- _AVAILABLE DATA_
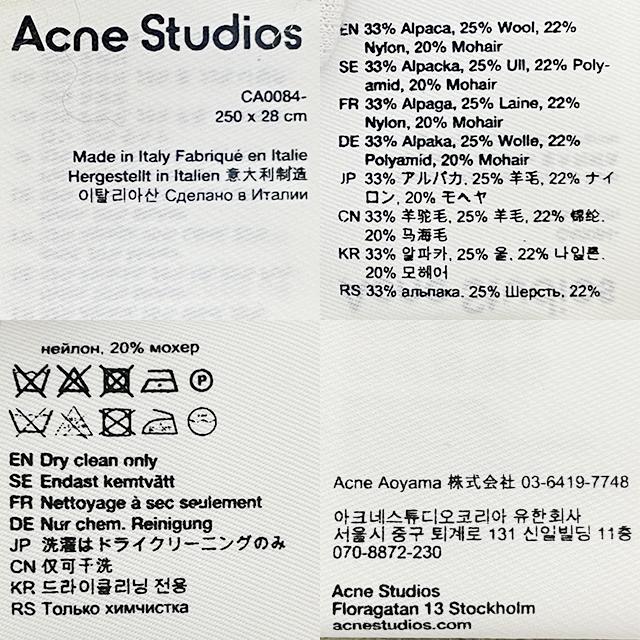 디몬트 23 F/W 아크네 스튜디오 공용 핑크라벨 슬림 울 머플러(파우더블루) CA0281 AQO
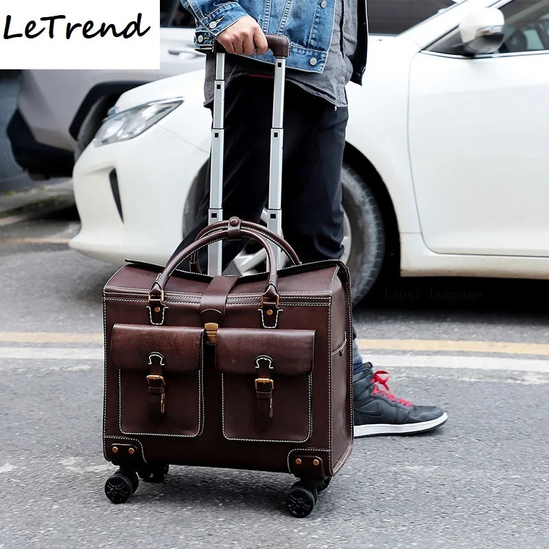 Роскошный дизайнерский чемодан на колесиках из натуральной кожи, 19 дюймов
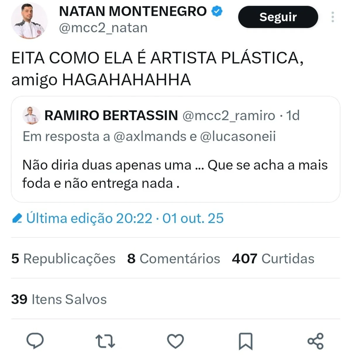 Logo depois, o confeiteiro disparou: “Não diria duas, apenas uma… Que se acha a mais foda e não entrega nada”, detonou. Natan também concordou e debochou: “Eita como ela é artista plástica, amigo Hahahaha”, postou.
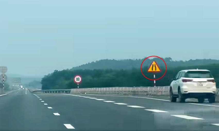 Thậm chí, khi tới đoạn phình ra lại có biển báo đoạn này dài bao nhiêu mét, gần hết đoạn đấy lại có biển báo rộng mấy chục m2 báo là đã hết chỗ cho vượt.
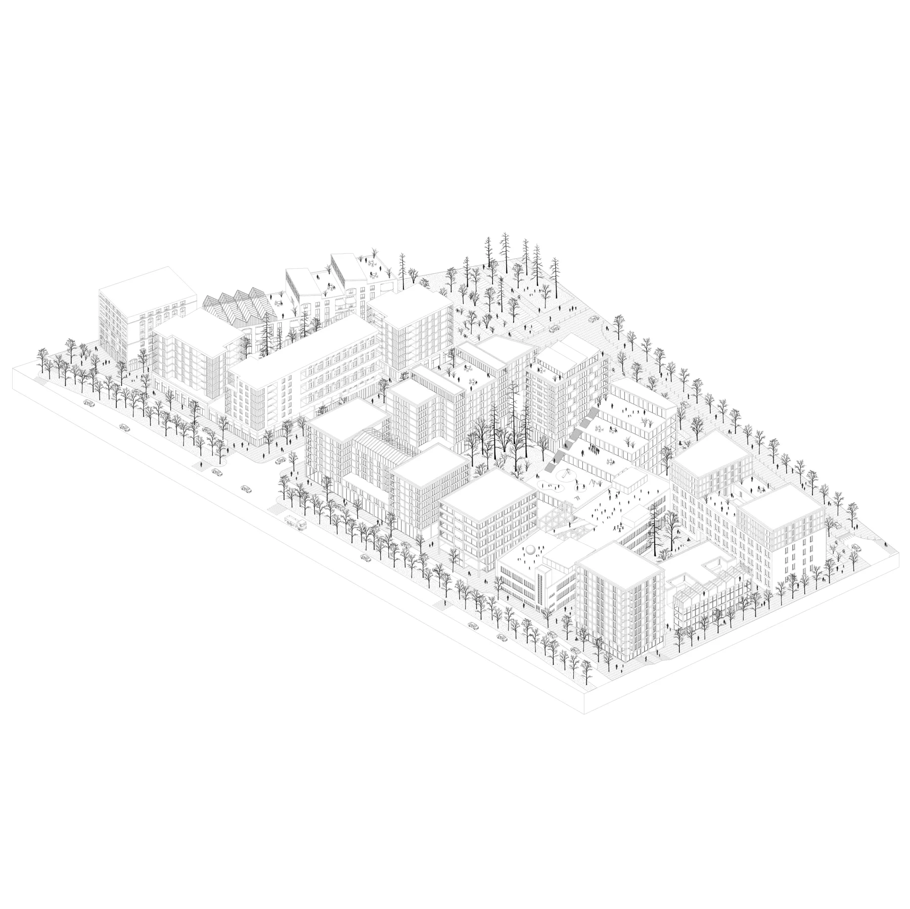 The project is confronted with different contexts: boulevards, streets, parks, railways, etc. Different morphologies (point buildings, blocks, bars) provide adapted responses and architectural homogeneity to this diversified context. Each building presents a programmatic, morphological and typological diversity. The housing typologies are marked by innovative arrangements that allow the evolution of housing over time, cohabitation with small workshops, and multiple organizations that encourage close relationships without forcing them. An atlas of the living environment shows these different typologies.

- _YOUR OBJECTIVE_
Repeat each line of the material, unaltered, from the first through the line with "Thậm chí, khi", and include no pictures.

- _TASK SOLUTION_
 디몬트 23 F/W 아크네 스튜디오 공용 핑크라벨 슬림 울 머플러(파우더블루) CA0281 AQO
 Роскошный дизайнерский чемодан на колесиках из натуральной кожи, 19 дюймов
 Logo depois, o confeiteiro disparou: “Não diria duas, apenas uma… Que se acha a mais foda e não entrega nada”, detonou. Natan também concordou e debochou: “Eita como ela é artista plástica, amigo Hahahaha”, postou.
 Thậm chí, khi tới đoạn phình ra lại có biển báo đoạn này dài bao nhiêu mét, gần hết đoạn đấy lại có biển báo rộng mấy chục m2 báo là đã hết chỗ cho vượt.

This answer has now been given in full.